The QaQc.monthly_df also filters out months with less than 30% of days of the month missing by default. To calculate monthly time series with other threshold fractions of days required use the util.monthly_resample function and adjust the keyword argument thresh which is the fraction (0-1) of days of the month required to not be gaps otherwise the month’s value will be forced to null, e.g. if you wanted to caclulate the monthly mean air temperature requiring 30 and 90 percent of the days in the month to not be gaps:

>>> from fluxdataqaqc.util import monthly_resample
>>> # select just t_avg for example
>>> cols = ['t_avg']
>>> df = q.df.rename(columns=q.inv_map)
>>> # create temporary df with different monthly resample results
>>> tmp_df = monthly_resample(df, cols, 'mean', thresh=0.9).rename(
>>>     columns={'t_avg': 'thresh_90'}
>>> )
>>> # join temp dataframe with monthly resample results using different thresh
>>> monthly_gap_comp = tmp_df.join(monthly_resample(df, cols, 'mean', thresh=0.3).rename(
>>>     columns={'t_avg': 'thresh_30'})
>>> )
>>> # plot to compare results of day-gap filter
>>> fig = figure(x_axis_label='date', y_axis_label='monthy mean air temperature (C), filtered based on daily gaps')
>>> # arguments needed for creating interactive line plots
>>> x = 'date'
>>> source = ColumnDataSource(monthly_gap_comp)
>>> # this example also shows how to use other Bokeh plot arguments
>>> Plot.line_plot(fig,'date','thresh_30',source,'red',label='require > 30%', line_alpha=0.5)
>>> Plot.line_plot(fig,'date','thresh_90',source,'black',label='require > 90%',line_dash='dotted', line_width=2)
>>> fig.legend.location = 'top_right'
>>> show(fig)

Bokeh Plot

Energy balance corrections

flux-data-qaqc provides routines that adjust surface energy balance fluxes to improve energy balance closure of eddy covariance flux station data. These routines ultimately result in a corrected daily and monthly time series of latent energy, sensible heat, and evapotranspiration with the option to gap-fill days in corrected ET with ET calculated from gridMET reference ET and fraction of reference ET.

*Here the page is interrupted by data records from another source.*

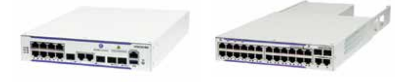
OmniSwitch™ 6250-8M OmniSwitch™ 6250-24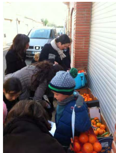
ECOLE PERPIGNAN DON MASSIF D'ORANGES POUR LES FAMILLES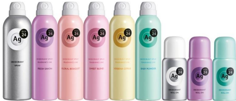
左より、資生堂 パウダースプレー h、資生堂 パウダースプレー h（SV）、資生堂 パウダースプレー h（FB）、資生堂 パウダースプレー h（SW）、資生堂 パウダースプレー h（VC）、資生堂 パウダースプレー h（BP）、資生堂 デオドラントロールオン、資生堂 デオドラントロールオン（SV）、資生堂 デオドラントロールオン（BP）

2016年2月にリニューアルした「エージーデオ24」は、高いデオドラント機能と肌ケアに着目。「24時間、いつでもどこでも肌快適ケア」をコンセプトにしています。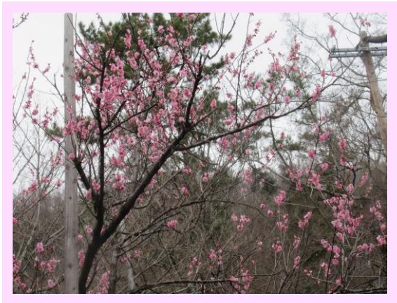
一重寒紅(ひとえかんこう)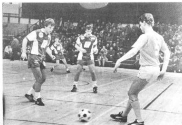
S tekme med Belgijci in Nizozemci

Najboljši so iz rok predsednika organizacijskega odbora prejeli lep pokal. Na posnetku pokal za Dinamo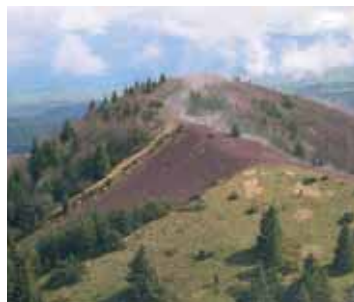
Puy de la Vache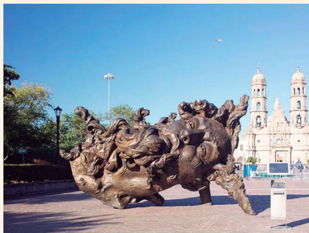
■ Escultura "Cabeza vainilla" (2008), de Javier Marín.

Existen diversos tipos de colecciones en México: el Museo Soumaya, de Carlos Slim, con grandes artistas mundiales del mercado secundario,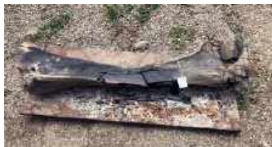
Fêmur de mastodonte logo após ser resgatado dos escombros / Mastodon femur shortly after being rescued from the rubble.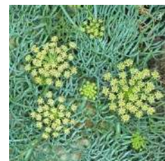
Agua de Mar Fennel Orgánico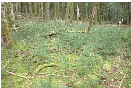
Semis de douglas dans sapinière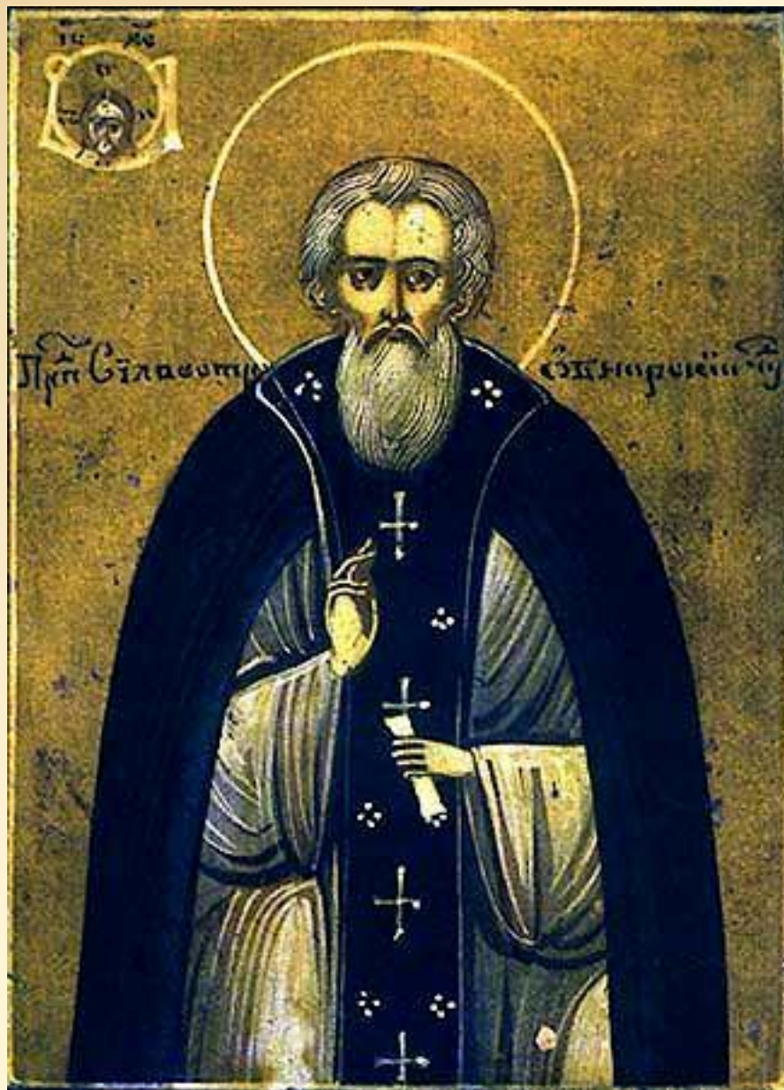
Благовещенский поп Сильвестр — священник московского Благовещенского собора, политический и литературный деятель XVI в.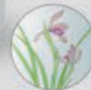
14. 春蘭 <1228-KJLN>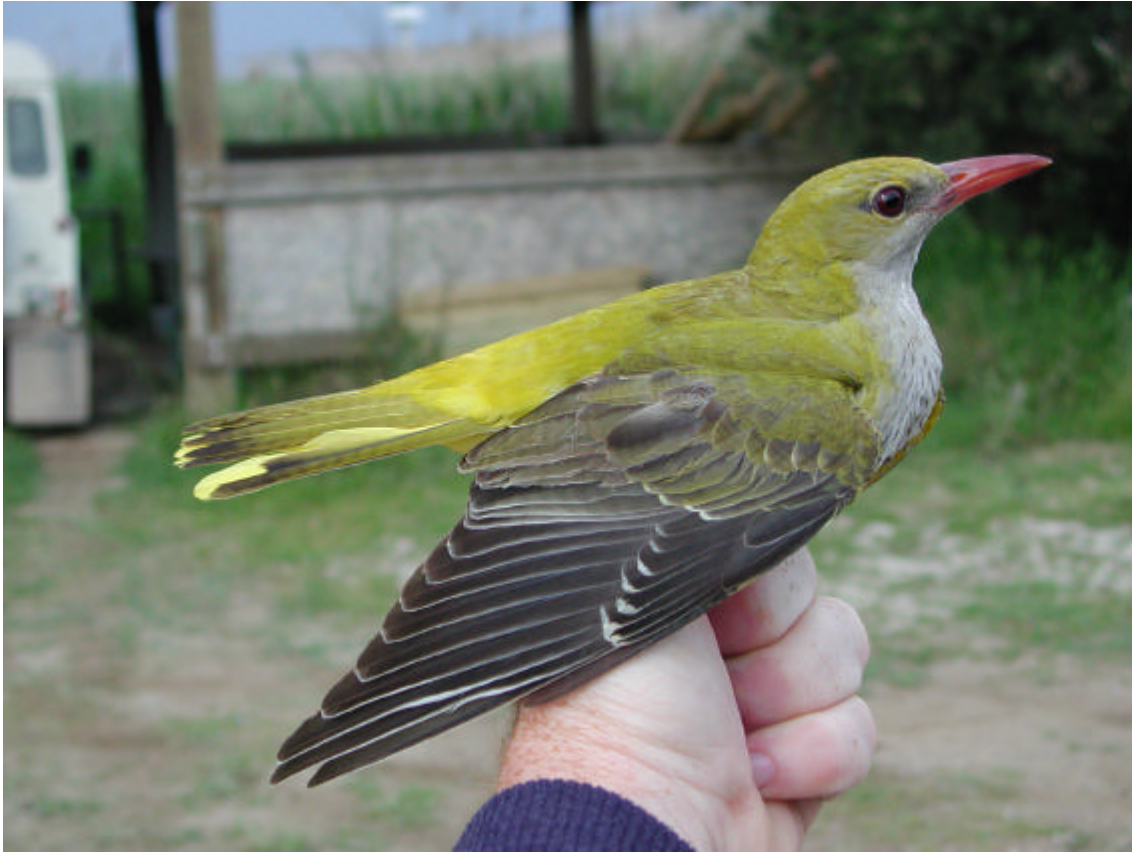
Un Oriol femella ( Oriolus oriolus ) anellat. Aquesta espècie continua niant en petit nombre a les arbredes de la reserva natural.

There are two methods currently implemented:

Energy Balance Ratio method (default), modified from the FLUXNET method
Bowen Ratio approach (forces closure)
Multiple least squares regression - user defines LHS and RHS from \(LE\), \(H\), \(Rn\), and \(G\),

Detailed descriptions of methods including daily ET gap-filling methods can be found in the online documentation Closure Methodologies page. A few important notes on the API of these methods and other hydro-climatic statistical variables that are calculated are shown below.

The QaQc.correct_data method is used to run energy balance closure corrections. Here are a few tips on using them,

>>> # note above the monthly_df automatically applied the 'ebr' Energy Balance Ratio correction
>>> q.corr_meth
    'ebr'

>>> # potential correction options
>>> q.corr_methods
    ('ebr', 'br', 'lin_regress')

>>> # to specify the Bowen Raito method:
>>> q.correct_data(meth='br')

>>> # the most recently used correction method is now shown
>>> q.corr_meth
    'br'

Tip

After applying any energy balance closure correction routine all previous corrected variables will be overwritten or dropped in QaQc.df, QaQc.monthly_df, and QaQc.variables, therefore to make a comparison of different methods on the same data make a copy of the df or monthly_df properties before running the next correction, e.g.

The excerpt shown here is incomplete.